====== Records to process

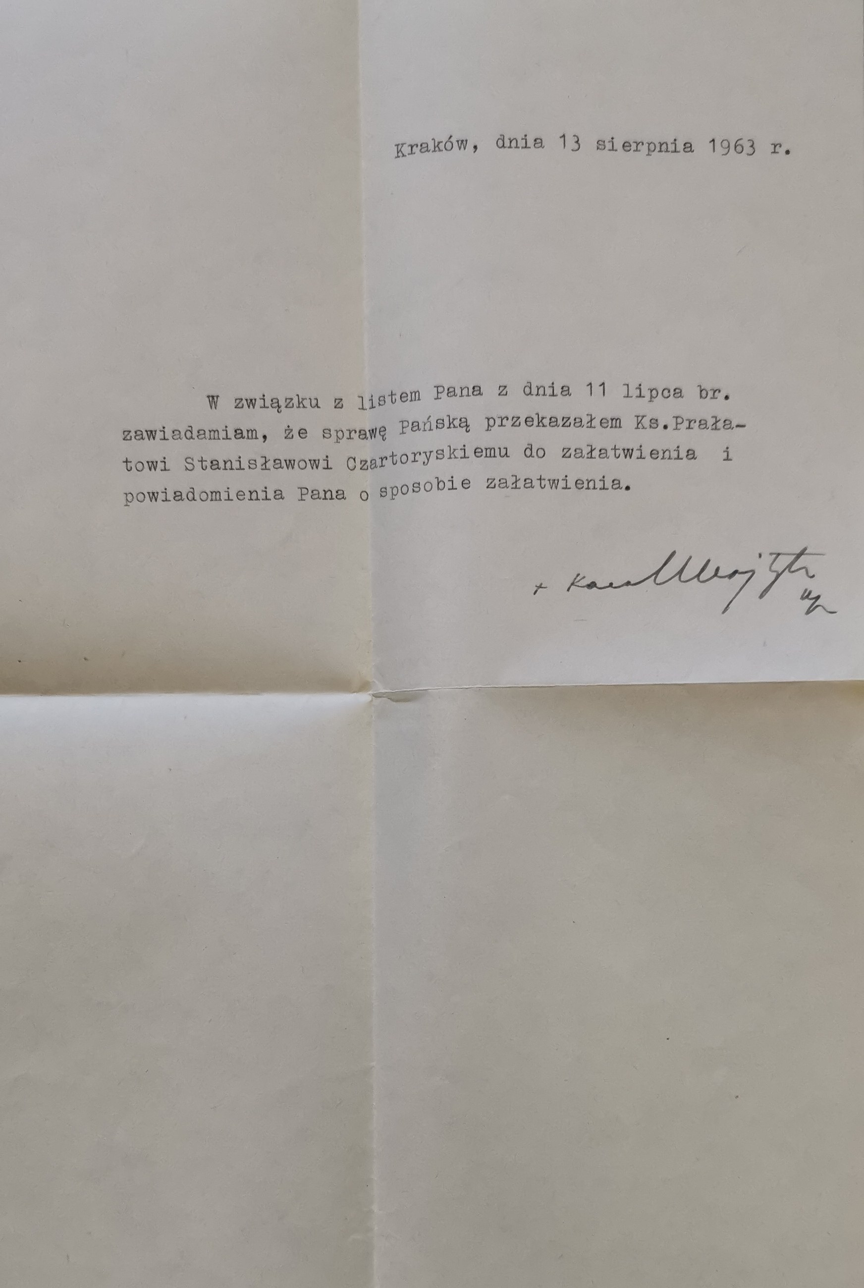 c) 1 stronicowy list na arkuszu 29,8 x 21,2 cm, Stan bardzo dobry: złożenie w pionie i poziomie. Zapewne odpowiedź na w.w. list: „Kraków, dnia 13 sierpnia 1963 r. W związku z listem Pana z dnia 11 lipca br. zawiadamiam, że sprawę Pańską przekazałem Ks. Prałatowi Stanisławowi Czartoryskiemu do załatwienia i powiadomienia Pana o sposobie załatwienia.” [podpisano odręcznie] Karol Wojtyła.
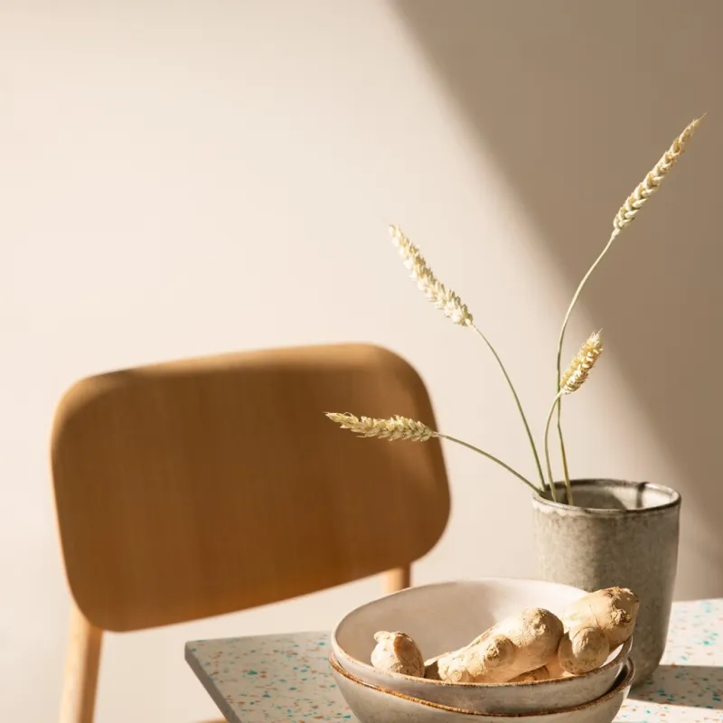 When looking for something fresh but not white, go for light beige with a hint of nude. A classical colour makes the surrounding shades shine.
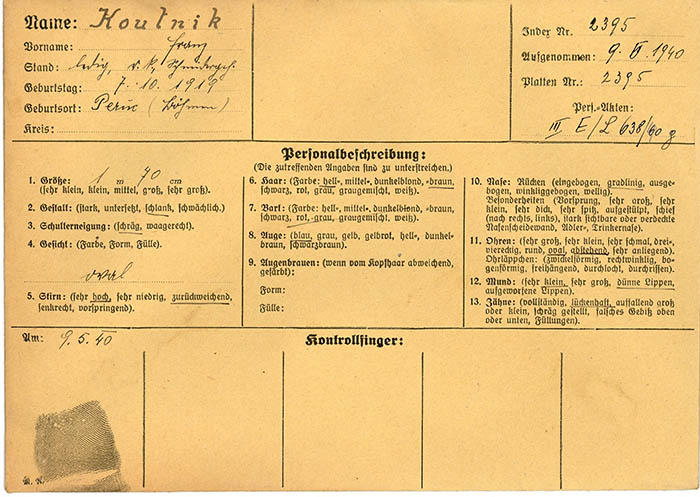 Der Schneidergehilfe Franz (Frantisek) Koutnik wurde am 9. 5. 1940 von der Gestapo Wien erkennungsdienstlich erfasst. Wegen "Vorbereitung zum Hochverrat" zu 3 Jahren Zuchthaus verurteilt, wurde er nach Strafverbüßung in das KZ Auschwitz überstellt. Von dort wurde er im August 1943 in das KZ Buchenwald, später in das KZ Mittelbau (Dora) verlegt.
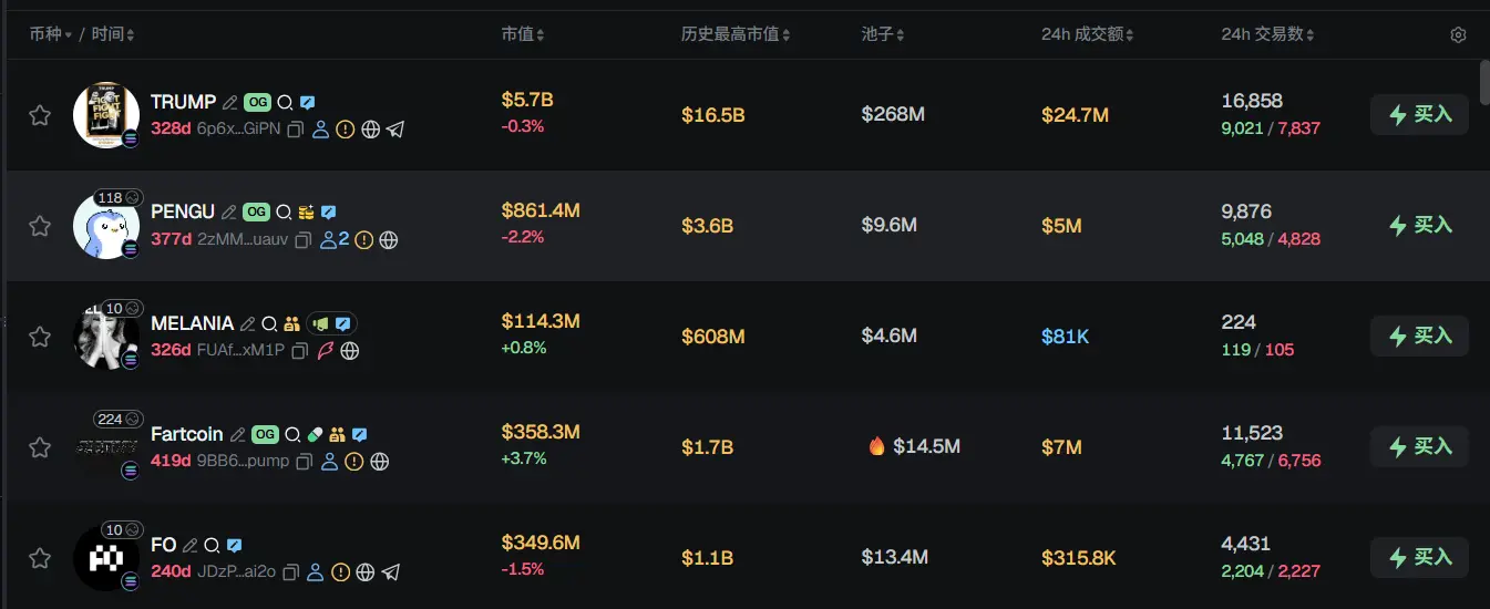 过去 24h Solana 热门代币前五依次为:TRUMP、PENGU、MELANIA、Fartcoin、FO
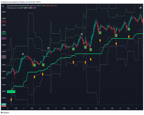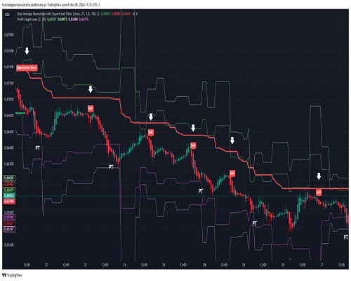 Momentum Rata-Rata Ganda dan Supertrend: Indikator ini menyediakan dua jenis sinyal (pengaturan default):

============

--- What the task requires ---
In your copy, leave out the pictures and reproduce the material above exactly.

--- Exercise answer ---
 c) 1 stronicowy list na arkuszu 29,8 x 21,2 cm, Stan bardzo dobry: złożenie w pionie i poziomie. Zapewne odpowiedź na w.w. list: „Kraków, dnia 13 sierpnia 1963 r. W związku z listem Pana z dnia 11 lipca br. zawiadamiam, że sprawę Pańską przekazałem Ks. Prałatowi Stanisławowi Czartoryskiemu do załatwienia i powiadomienia Pana o sposobie załatwienia.” [podpisano odręcznie] Karol Wojtyła.
 When looking for something fresh but not white, go for light beige with a hint of nude. A classical colour makes the surrounding shades shine.
 Der Schneidergehilfe Franz (Frantisek) Koutnik wurde am 9. 5. 1940 von der Gestapo Wien erkennungsdienstlich erfasst. Wegen "Vorbereitung zum Hochverrat" zu 3 Jahren Zuchthaus verurteilt, wurde er nach Strafverbüßung in das KZ Auschwitz überstellt. Von dort wurde er im August 1943 in das KZ Buchenwald, später in das KZ Mittelbau (Dora) verlegt.
 过去 24h Solana 热门代币前五依次为:TRUMP、PENGU、MELANIA、Fartcoin、FO
 Momentum Rata-Rata Ganda dan Supertrend: Indikator ini menyediakan dua jenis sinyal (pengaturan default):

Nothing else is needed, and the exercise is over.